Me acompañó hasta la puerta. Parecíamos dos colegas. Para ser sincera, tuve deseos de decirle que no tocara las gambas. No me atreví. La vergüenza todavía me atormenta. Preferí que se pusiera enfermo antes que hacer el ridículo por segunda vez. Qué chungo.
—¡Ah! —exclamó mientras volvía a su mesa—. No olvide su linterna. Debe apreciarla mucho para haberse molestado tanto en recuperarla.
Me pregunto si, a lo mejor por su ligero acento, su frase no tenía un punto de ironía. Sonreí tontamente. Se me da bien. Cogí la linterna y nos separamos. Cerró la puerta. Si fuera él, habría corrido a pegarme a la mirilla.

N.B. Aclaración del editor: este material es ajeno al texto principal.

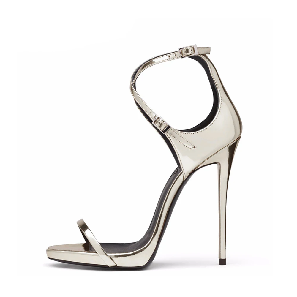 Босоножки женские на высоком каблуке, золотистые, серебристые, из лакированной кожи, на ремешках, вечерняя вечерние, большие размеры, лето 2021
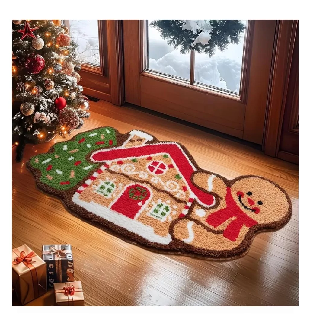 Veselý a útulný vianočný koberček zdobený perníkovými domčekmi, vianočnými stromčekmi a usmievavými perníkovými postavičkami. Farebný, detailný vzor vytvára sviatočnú atmosféru, pričom koberec je mäkký a príjemný na dotyk.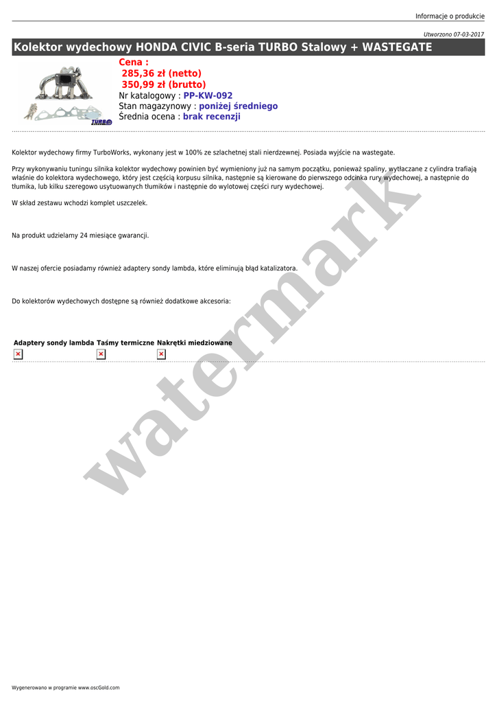 Informacje o produkcie Utworzono 07-03-2017 Kolektor wydechowy HONDA CIVIC B-seria TURBO Stalowy + WASTEGATE Cena : 285,36 zł (netto) 350,99 zł (brutto) Nr katalogowy : PP-KW-092 Stan magazynowy : poniżej średniego Średnia ocena : brak recenzji Kolektor wydechowy firmy TurboWorks, wykonany jest w 100% ze szlachetnej stali nierdzewnej. Posiada wyjście na wastegate. er m ar k Przy wykonywaniu tuningu silnika kolektor wydechowy powinien być wymieniony już na samym początku, ponieważ spaliny, wytłaczane z cylindra trafiają właśnie do kolektora wydechowego, który jest częścią korpusu silnika, następnie są kierowane do pierwszego odcinka rury wydechowej, a następnie do tłumika, lub kilku szeregowo usytuowanych tłumików i następnie do wylotowej części rury wydechowej. W skład zestawu wchodzi komplet uszczelek. Na produkt udzielamy 24 miesiące gwarancji. W naszej ofercie posiadamy również adaptery sondy lambda, które eliminują błąd katalizatora. Do kolektorów wydechowych dostępne są również dodatkowe akcesoria: w at Adaptery sondy lambda Taśmy termiczne Nakrętki miedziowane Wygenerowano w programie www.oscGold.com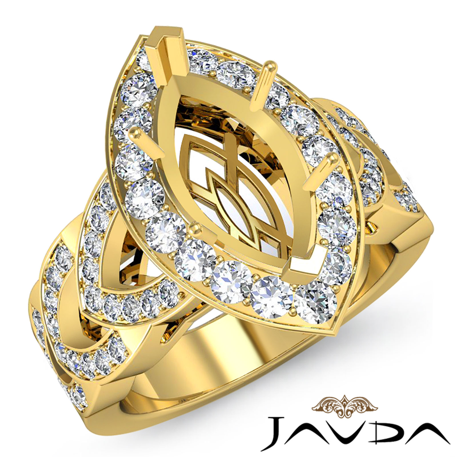 Diamond Engagement Ring Halo Pave Setting Marquise Semi Mount 14k Gold Gold (1.35Ct. tw.)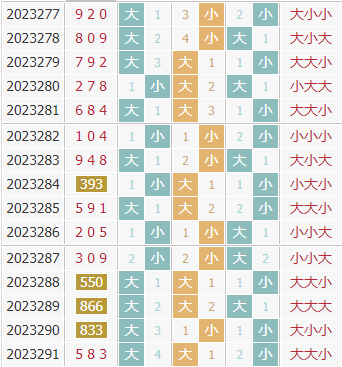 上期开出了号码583,组六类型,奇偶奇,大大小形态,和值16,跨度5,近10期里全大开出了1期,2大1小开出了4期,1大2小开出了4期,全小开出了1期,大数小数开出持平,但是走势上近5期是大数走热,预计大数会继续开出,本期关注大数。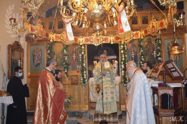 Στο τέλος, ο Σεβασμιώτατος ευχήθηκε στο εκκλησίασμα η Χάρις του Παναγίου Πνεύματος να επισκιάσει τον κάθε πιστό χωριστά και να τού χαρίσει τους θεοειδείς καρπούς Του.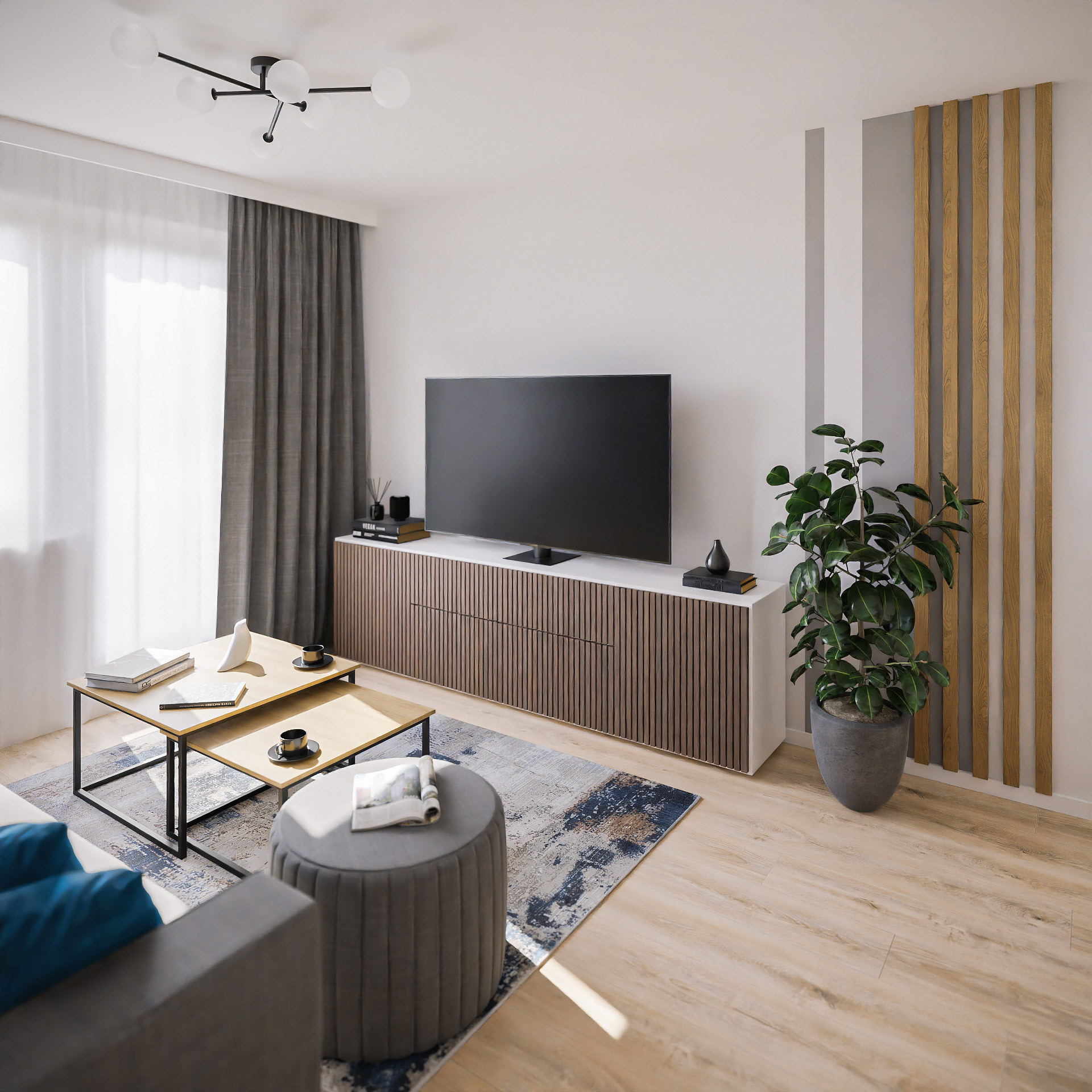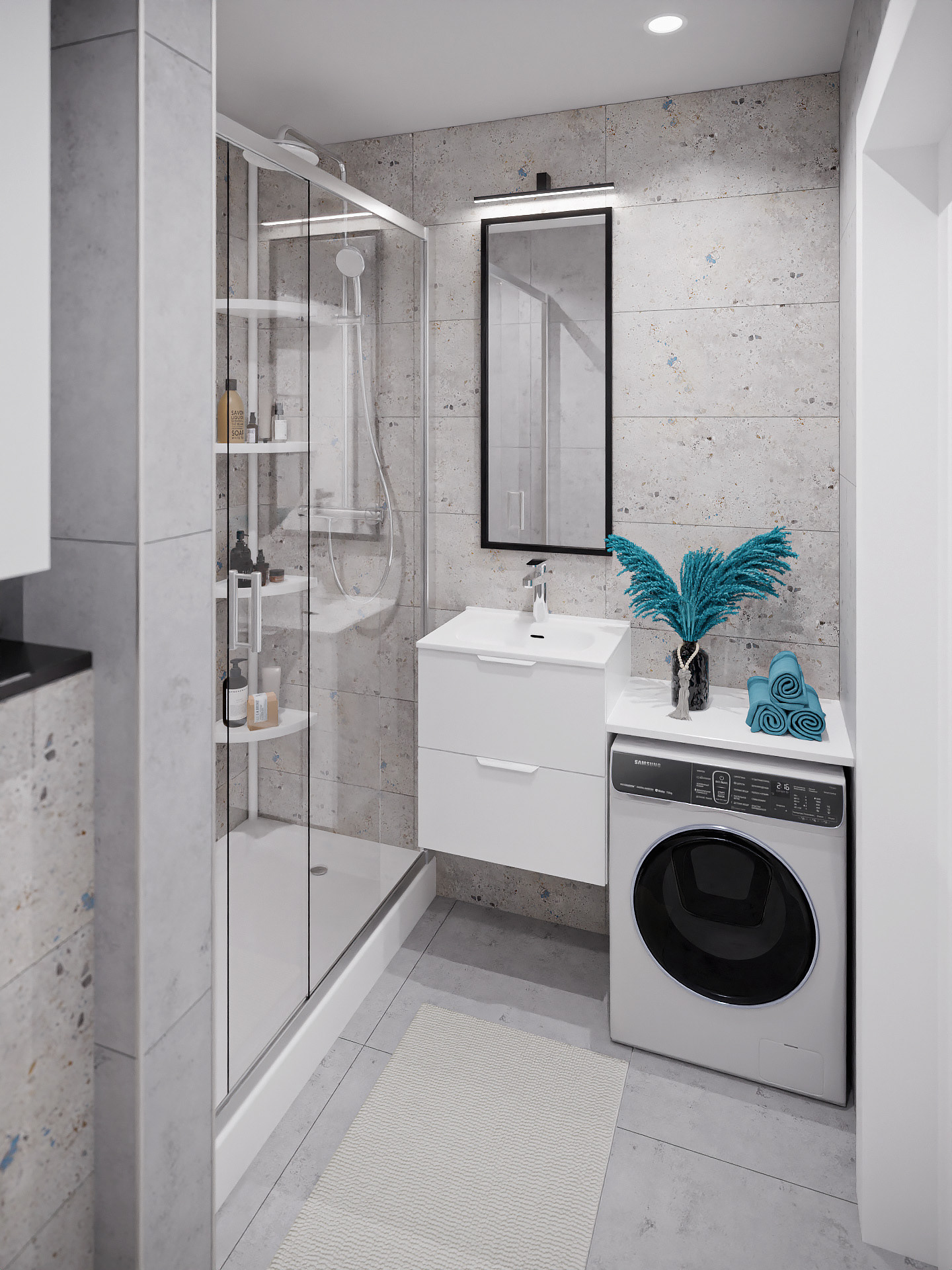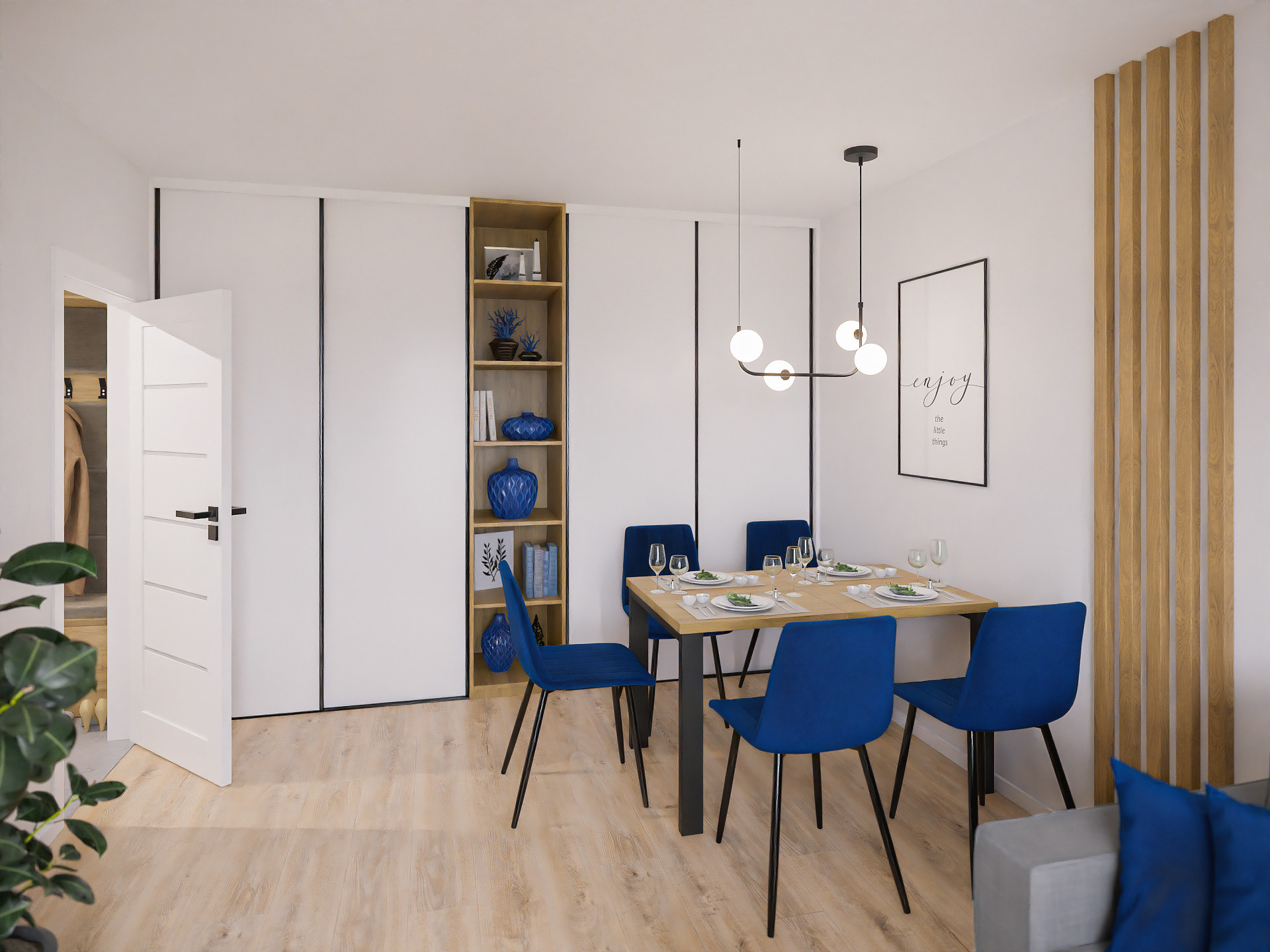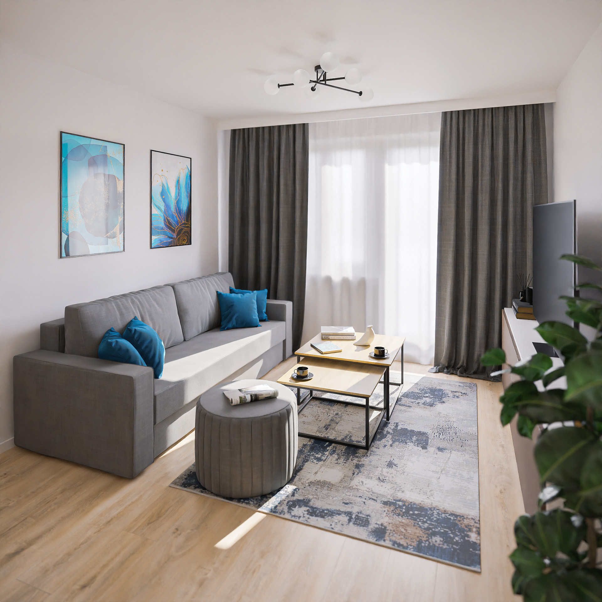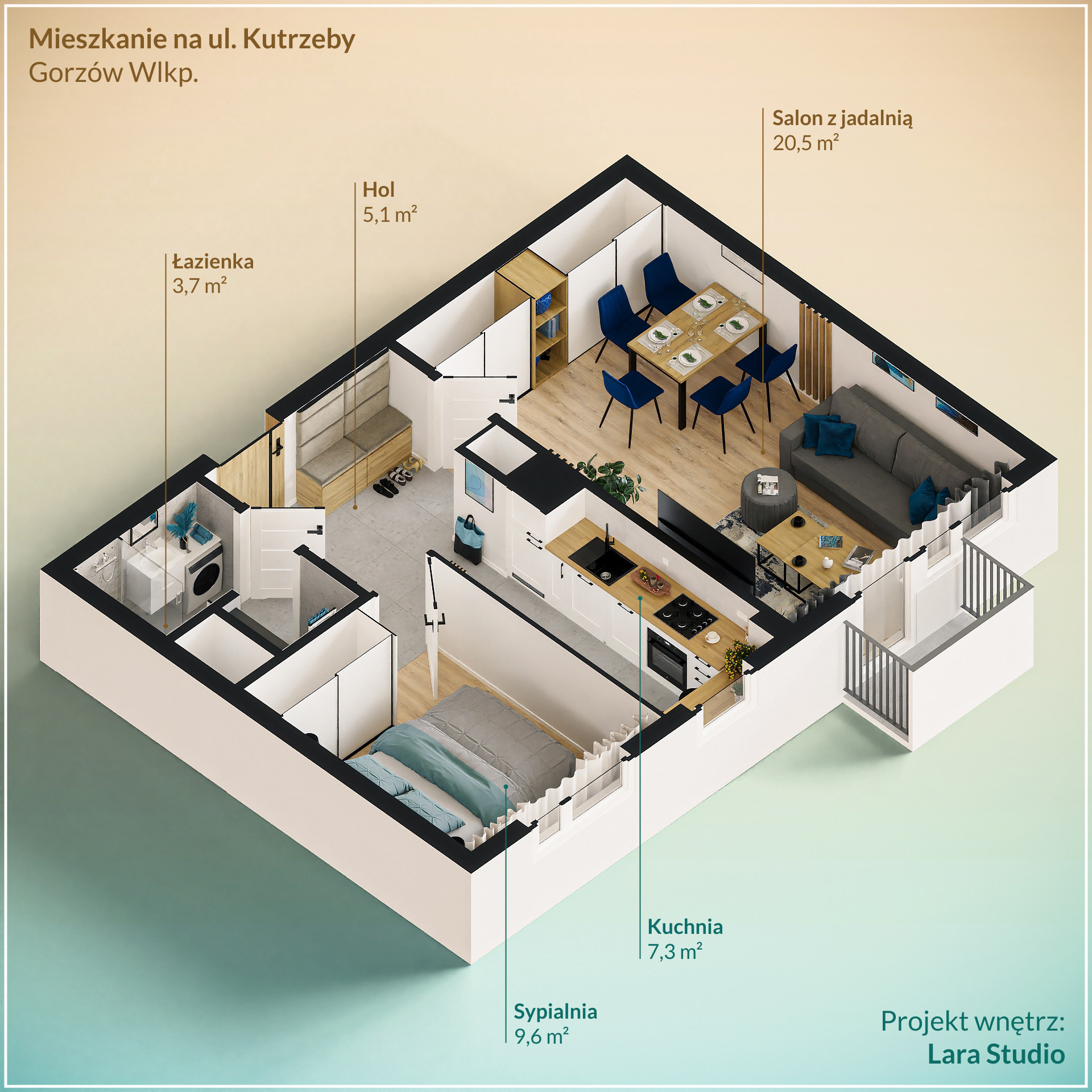 11 fotorealistycznych wizualizacji, 4 widoki aksonometryczne oraz 5 interaktywnych widoków panoramicznych projektu wnętrz mieszkania w Gorzowie Wielkopolskim wykonanych dla Lara Studio.

Mientras bajaba los escalones la mezcla de sentimientos me atormentaba. Por una parte estaba el dolor en la muñeca y el miedo a haber parecido la reina de las tontas. Y a pesar de todo me sentía extrañamente bien. Un poco confusa. No creo que fuera efecto del café.
Puede parecer una tontería, pero enseguida lo eché de menos. Quería estar con él. Hubiera podido ayudarle a deshacer cajas. Incluso hubiera podido contentarme con mirarlo. Jamás me había sucedido. Ni fascinada, ni exaltada. Otra cosa. De mi apartamento al suyo, si no se tienen en cuenta el techo o los tabiques, debe de haber unos quince metros. ¿Dónde duerme? ¿Duerme siquiera? Toda la noche estuve preguntándome cómo podría reparar los daños causados a su buzón. En un primer momento pensé en proponerle que compartiéramos el mío, pero enseguida renuncié. Me imagino la cara de los vecinos si apenas una semana después de que él llegara, vieran nuestros apellidos juntos. Adiós a mi reputación. Ni Géraldine va tan rápido.